I know that a simple call to strpos() is faster than executing preg_match() , however, since I call strIpos() twice , I'm really not sure if you need to work better.

The template S modifier in the second option also causes some confusion in my head, from the manual:

When the template will be used several times, it is worth spending more time analyzing it to speed up the time spent on matching. If this modifier is installed, then additional analysis is performed. At present, examining a pattern is only useful for non-fixed patterns that make it not have a single fixed start character.
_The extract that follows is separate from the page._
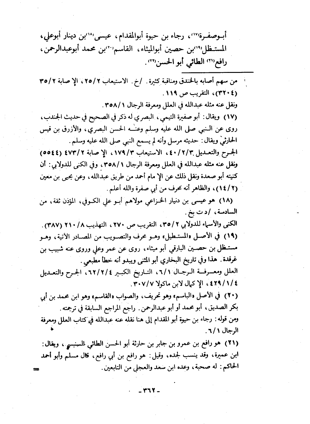 أَبُو صفرَة رَجَاء بن حَيْوَة أَبُو الْمِقْدَام عِيسَى بن دِينَار أَبُو عَليّ المستظل بن حُصَيْن أَبُو الميثاء الْقَاسِم بن مُحَمَّد أَبُو عبد الرَّحْمَن رَافع الطَّائِي أَبُو الْحسن
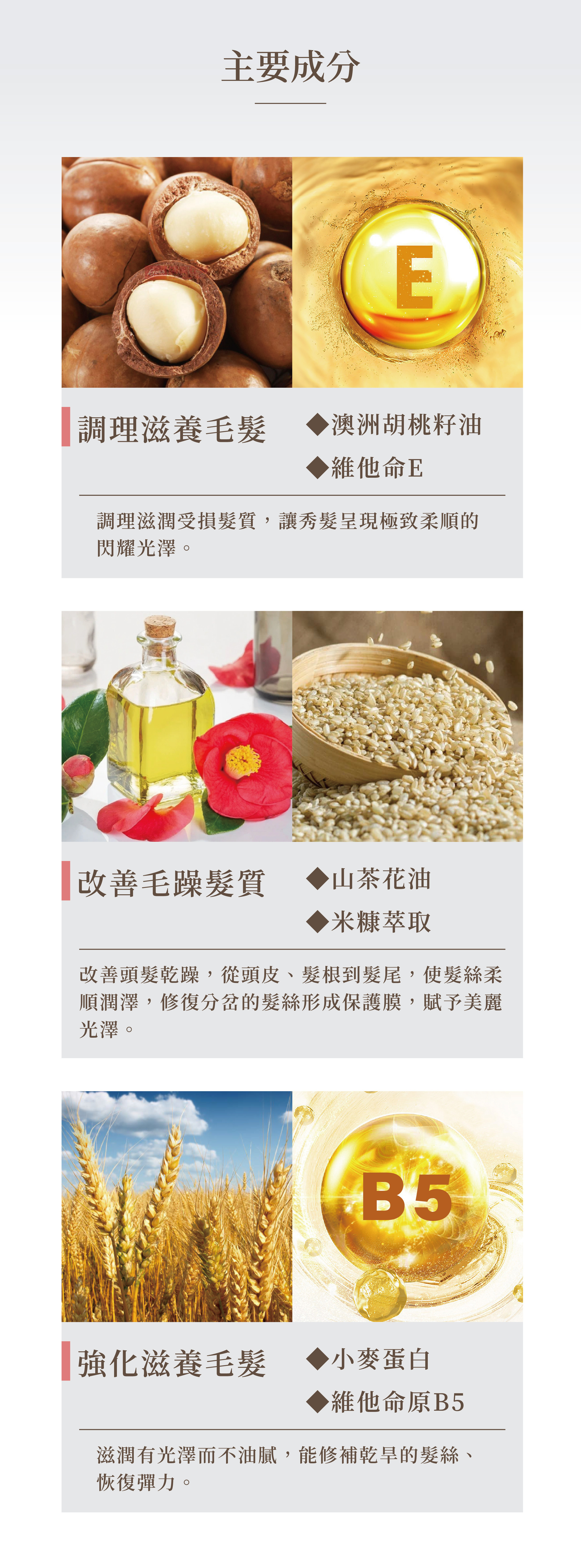 澳洲胡桃籽油、維他命E、山茶花油、水解小麥蛋白、米糠萃取、維他命原B5。

In this case, the speed is not critical (otherwise I would not use this general query function), but I would still like to make it as fast as possible, while preserving its simplicity.

Which of the above options should I choose?


EDIT: I am running a simple test , and yet I cannot decide which method works best.

Below are the results for 10,000 attempts (total time in seconds):

 Array ( [match] => Array ( [stripos] => 0.0965 [preg_match] => 0.2445 [preg_match?] => 0.1227 [preg_match?S] => 0.0863 ) [no-match] => Array ( [stripos] => 0.1165 [preg_match] => 0.0812 [preg_match?] => 0.0809 [preg_match?S] => 0.0829 ) ) 

100,000 attempts :

 Array ( [match] => Array ( [stripos] => 1.2049 [preg_match] => 1.5079 [preg_match?] => 1.5564 [preg_match?S] => 1.5857 ) [no-match] => Array ( [stripos] => 1.4833 [preg_match] => 0.8853 [preg_match?] => 0.8645 [preg_match?S] => 0.8986 ) ) 

1,000,000 attempts :

 Array ( [match] => Array ( [stripos] => 9.4555 [preg_match] => 8.7634 [preg_match?] => 9.0834 [preg_match?S] => 9.1629 ) [no-match] => Array ( [stripos] => 13.4344 [preg_match] => 9.6041 [preg_match?] => 10.5849 [preg_match?S] => 8.8814 ) ) 

10,000,000 attempts :

 Array ( [match] => Array ( [stripos] => 86.3218 [preg_match] => 93.6755 [preg_match?] => 92.0910 [preg_match?S] => 105.4128 ) [no-match] => Array ( [stripos] => 150.9792 [preg_match] => 111.2088 [preg_match?] => 100.7903 [preg_match?S] => 88.1984 ) ) 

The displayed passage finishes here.